The embodiment of the invention provides a data management method, a data management device, a computing device and a storage medium, wherein firstly, word segmentation processing is carried out on each document to be stored so as to generate an index list in a corresponding index, and each document is stored in a corresponding fragment of the index; then, when receiving a query request, each node in the index issues the query request to each segment managed by the node; then, each fragment queries each document stored in the fragment according to the index list and the query request to generate a result set of the fragment; finally, all the generated result sets are collected and sorted, and a final query result can be obtained, so that the query speed of mass data is increased, and the management and application requirements of hundreds of millions of data can be met.

Drawings

In order to more clearly illustrate the embodiments of the present invention or the technical solutions in the prior art, the drawings used in the description of the embodiments or the prior art will be briefly introduced below, and it is obvious that the drawings in the following description are some embodiments of the present invention, and for those skilled in the art, other drawings can be obtained according to these drawings without creative efforts.

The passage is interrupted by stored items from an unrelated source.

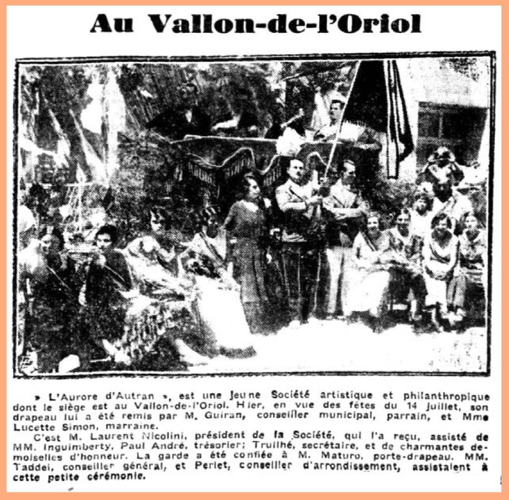 Société artistique et philanthropique créée en 1931, ayant son siège au Bar Autran, (à l’angle du ch. du vallon de l’Oriol et du bd. Amédée Autran).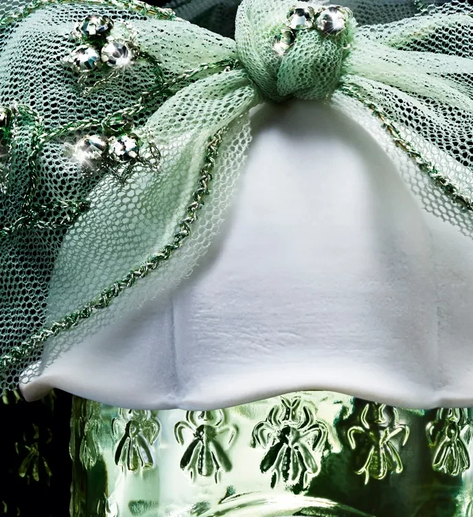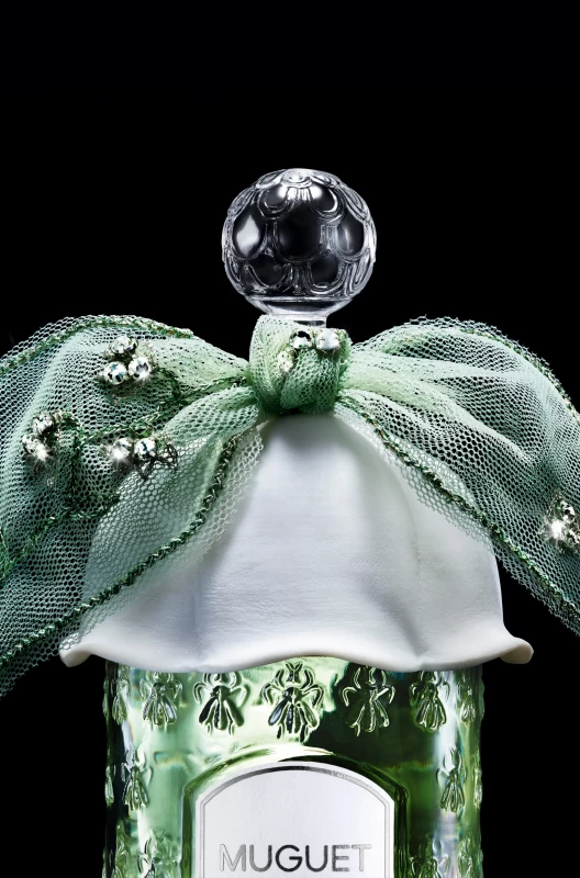 To reflect the soft texture of lily-of-the-valley leaves, Guerlain invited the atelier les Ateliers Vermont, which has embroidered for many haute couture houses since 1956, to make a green tulle bow. The edge of the bow is embroidered with green thread. After hours of meticulous work by the embroiderer, delicate lily-of-the-valley branches stand out from the "leaves", shining like dewdrops.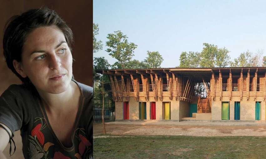 Le bastaron muros de tierra, paja, bambú y telas de saris para levantar el edificio que cuenta con un sistema de aprovechamiento bioclimático. Tras este éxito construyó la escuela para electricistas DESI, también en Rudrapur y el Centro de Capacitación para la Sostenibilidad en Marrakech. En los últimos años ha diseñado algunos de los edificios para la Bienal Internacional de Arquitectura en Bambú, en China, un evento en el que se invita a arquitectos para construir edificios habitables en un espacio cultural e históricamente estratégico. En la foto, junto a la escuela METI en Rudrapur.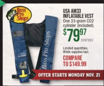 Bass Pro Shops AM33 All-Clear Auto/Manual-Inflatable Life Vest

Fig. 1 is a flowchart of a data management method according to an embodiment of the present invention;

fig. 2 is a hardware architecture diagram of an electronic device according to an embodiment of the present invention;

fig. 3 is a structural diagram of a data management apparatus according to an embodiment of the present invention.

Detailed Description

In order to make the objects, technical solutions and advantages of the embodiments of the present invention clearer and more complete, the technical solutions in the embodiments of the present invention will be described below with reference to the drawings in the embodiments of the present invention, and it is obvious that the described embodiments are some, but not all, embodiments of the present invention, and based on the embodiments of the present invention, all other embodiments obtained by a person of ordinary skill in the art without creative efforts belong to the scope of the present invention.

As mentioned above, in the simulation technology test, hundreds of millions of data are generated in one test, and the data are generated by simulation software and need to be stored in a database, and the content of the data can be quickly inquired and read. However, due to the huge amount of data, the traditional database management method cannot meet the requirements.

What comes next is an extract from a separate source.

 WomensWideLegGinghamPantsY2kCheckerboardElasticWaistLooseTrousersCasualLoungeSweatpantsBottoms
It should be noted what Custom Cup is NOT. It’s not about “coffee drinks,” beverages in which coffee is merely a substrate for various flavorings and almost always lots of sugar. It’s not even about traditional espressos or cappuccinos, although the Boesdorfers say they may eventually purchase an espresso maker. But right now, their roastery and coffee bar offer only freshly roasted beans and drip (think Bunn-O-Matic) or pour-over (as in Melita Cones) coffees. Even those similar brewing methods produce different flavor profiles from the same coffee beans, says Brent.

In order to solve the above technical problem, the inventor may consider that each document to be stored is subjected to word segmentation processing, and each document is distributed to different segments after the word segmentation processing, so that each segment can query the documents stored in its own segment when receiving a query request, thereby improving the query speed.

Specific implementations of the above concepts are described below.

Referring to fig. 1, an embodiment of the present invention provides a data management method, including:

step 100: acquiring a plurality of documents to be stored;

step 102: performing word segmentation processing on each document to generate an index list in a corresponding index, and storing each document into a corresponding fragment of the index;

step 104: when receiving a query request, each node in the index issues the query request to each fragment managed by the node;

step 106: each fragment queries each document stored in the fragment according to the index list and the query request to generate a result set of the fragment;

step 108: and summarizing and sorting all the generated result sets to obtain query results.

In the embodiment of the invention, firstly, word segmentation processing is carried out on each document to be stored so as to generate an index list in a corresponding index, and each document is stored in a corresponding fragment of the index; then, when receiving the query request, each node in the index issues the query request to each segment managed by the node; then, each fragment queries each document stored in the fragment according to the index list and the query request to generate a result set of the fragment; finally, all the generated result sets are collected and sorted, and a final query result can be obtained, so that the query speed of mass data is increased, and the management and application requirements of hundreds of millions of data can be met.

The manner in which the various steps shown in fig. 1 are performed is described below.

For step 100 and step 102:

in the embodiment, the whole scheme is realized by using java language programming and can run on a PC. The storage and query of the document are realized by using an Elasticissearch search server.

In some embodiments, the index list includes a number of segments, a document ID corresponding to each segment, location information of each segment in the corresponding document, and a weight ratio of each segment in the corresponding document.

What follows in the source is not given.